Items from a data source
==============================
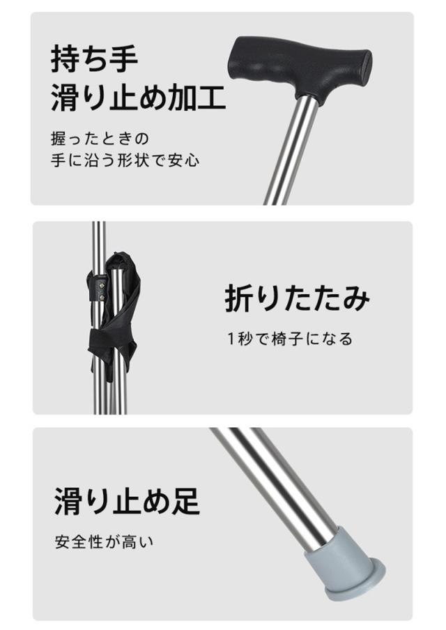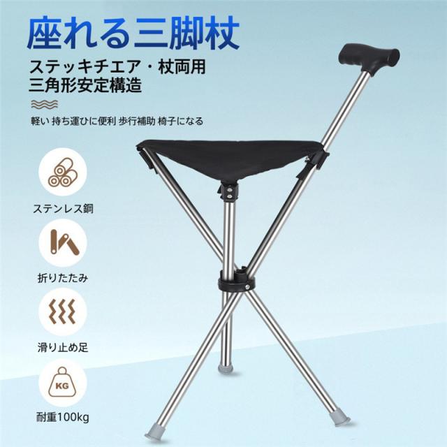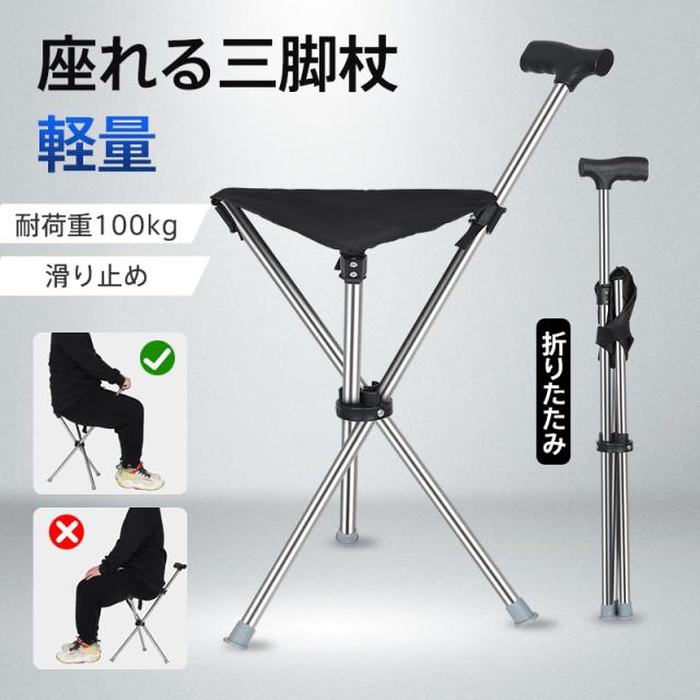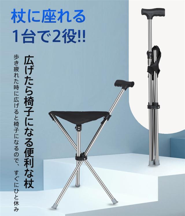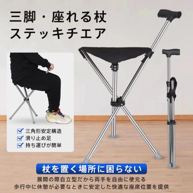 杖 介護 座れる杖 折りたたみ 三脚 軽量 イス 椅子 自立式 ステッキ 歩行補助 チェアー 滑り止め 休憩 女性 男性 年寄り
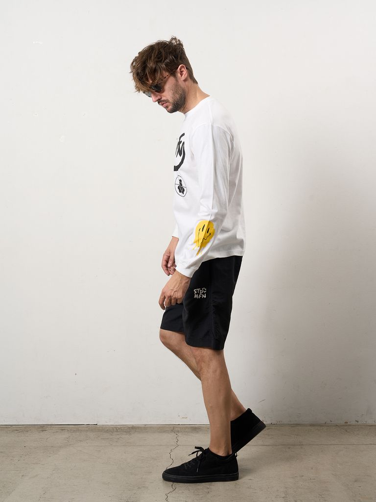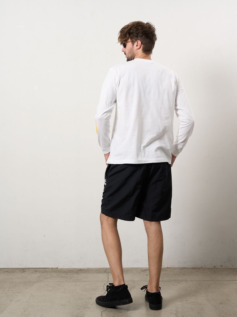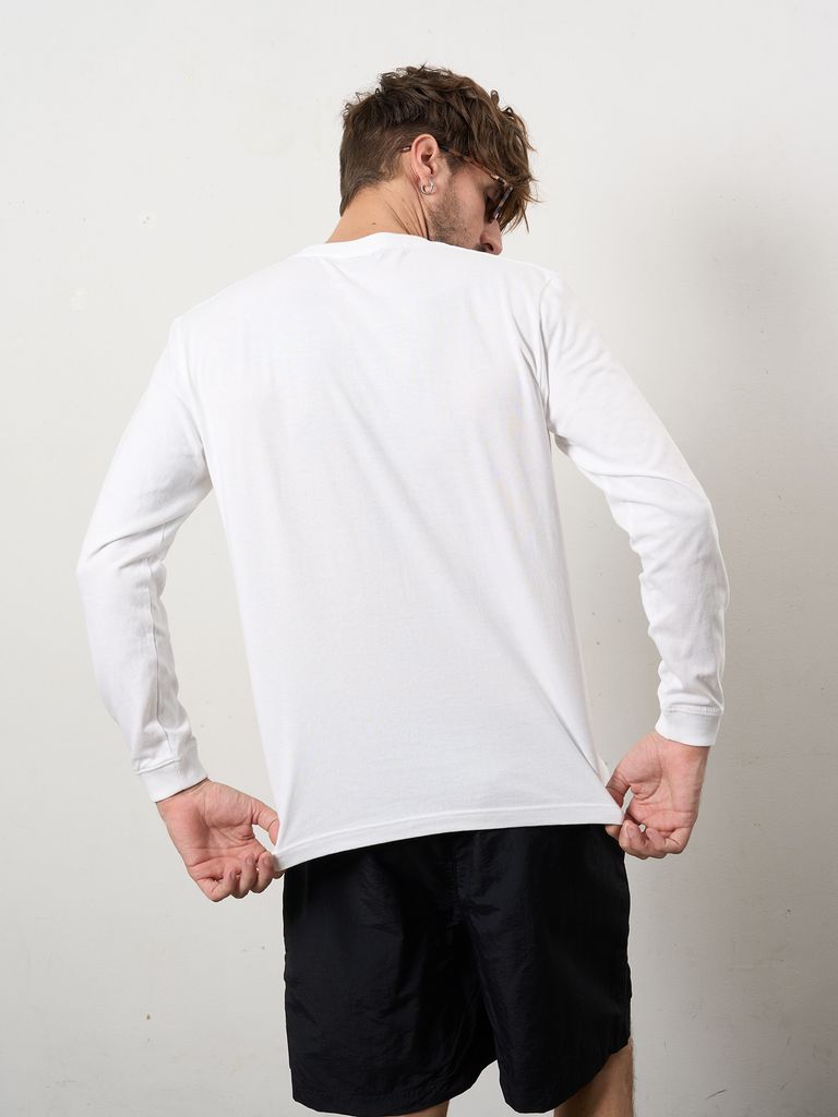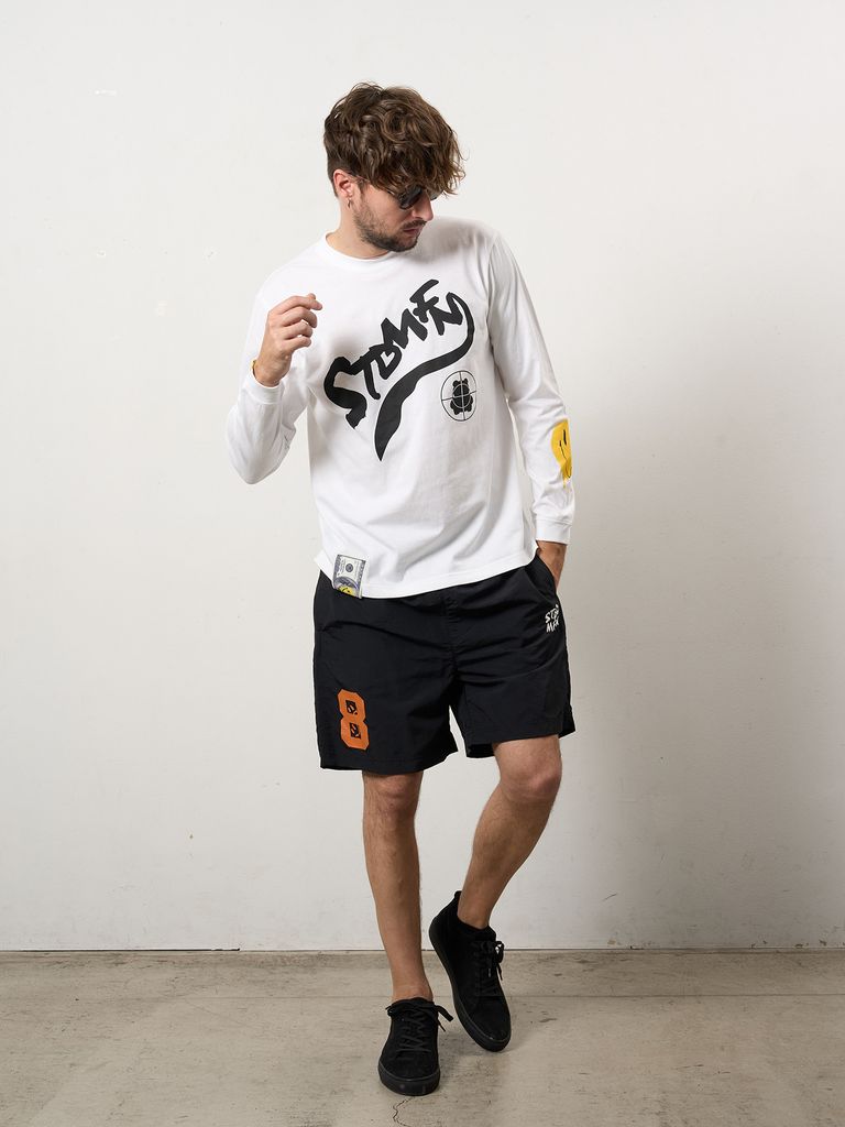 【予約品 10月16日(木) 締切】5.6ozコットン天竺 ウェービーロゴ&ドリップスマイル LSシャツ / ホワイト
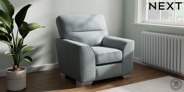 7.2.10 Buy Stamford Highback Armchair Chunky Weave Mid Blue Square Angle - Chrome Metal from the Next UK online shop Click here to use our accessible website
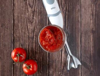 Usare il minipimer è un trucco veloce e pratico per regolare la consistenza della tua passata di pomodoro fatta in casa. Il MultiQuick 5 Vario di Braun, ad esempio, grazie alla sua potenza e precisione è perfetto per ottenere una crema vellutata, ma se preferisci una consistenza più rustica, ti basta frullare i pomodori per meno tempo.
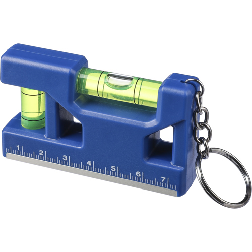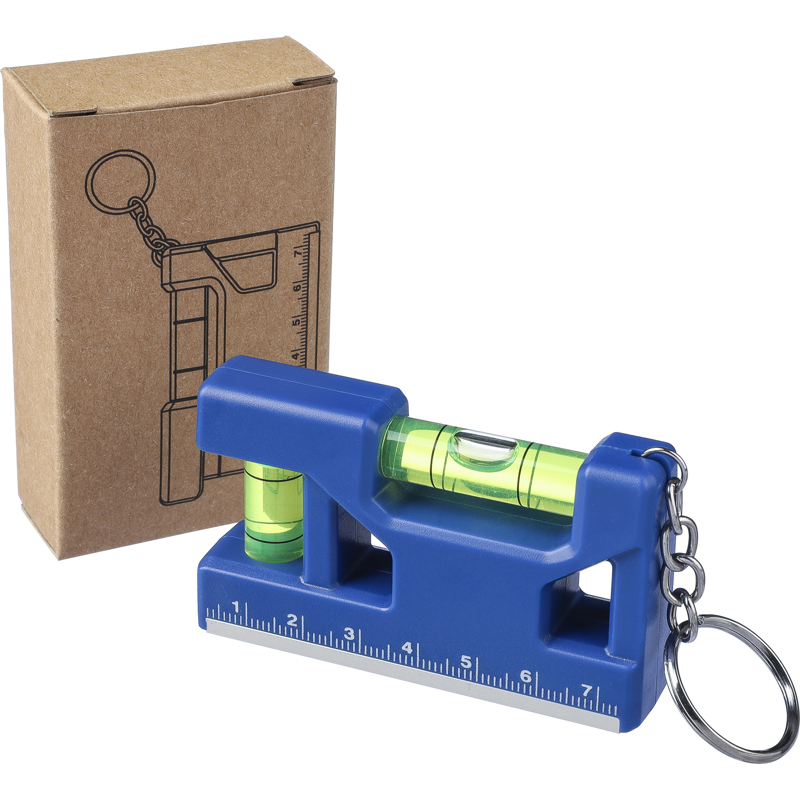 Recycled magnetic spirit level key holder with a magnetic strip on the base for attaching to metal surfaces. Includes a key chain and recycled plastic logo on the back. Individually packaged in a brown cardboard box.
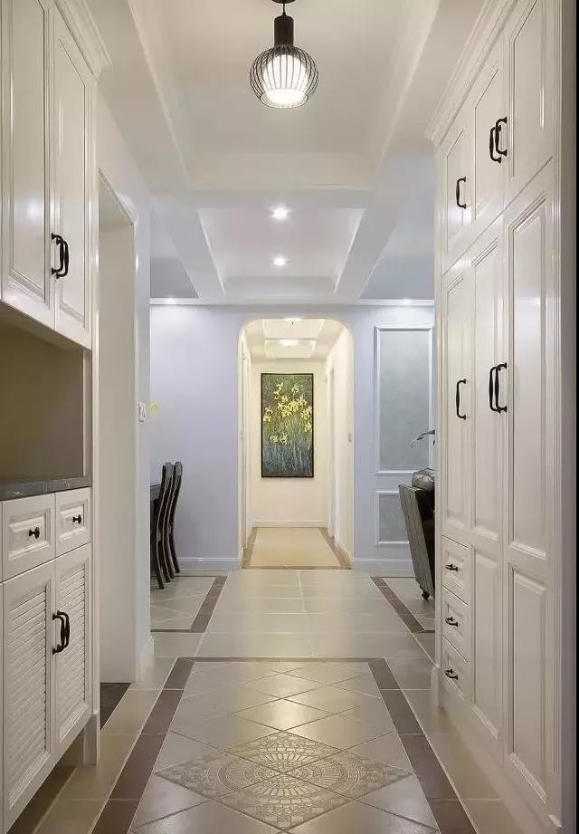 通道式玄关都是偏狭长的,可以放置鞋柜、收纳柜等延展空间,增强玄关实用性,入户空间看起来清爽又利落。
==============================
How to complete this task: Set the records down again exactly, with no pictures.

Expected answer:
 杖 介護 座れる杖 折りたたみ 三脚 軽量 イス 椅子 自立式 ステッキ 歩行補助 チェアー 滑り止め 休憩 女性 男性 年寄り
 【予約品 10月16日(木) 締切】5.6ozコットン天竺 ウェービーロゴ&ドリップスマイル LSシャツ / ホワイト
 7.2.10 Buy Stamford Highback Armchair Chunky Weave Mid Blue Square Angle - Chrome Metal from the Next UK online shop Click here to use our accessible website
 Usare il minipimer è un trucco veloce e pratico per regolare la consistenza della tua passata di pomodoro fatta in casa. Il MultiQuick 5 Vario di Braun, ad esempio, grazie alla sua potenza e precisione è perfetto per ottenere una crema vellutata, ma se preferisci una consistenza più rustica, ti basta frullare i pomodori per meno tempo.
 Recycled magnetic spirit level key holder with a magnetic strip on the base for attaching to metal surfaces. Includes a key chain and recycled plastic logo on the back. Individually packaged in a brown cardboard box.
 通道式玄关都是偏狭长的,可以放置鞋柜、收纳柜等延展空间,增强玄关实用性,入户空间看起来清爽又利落。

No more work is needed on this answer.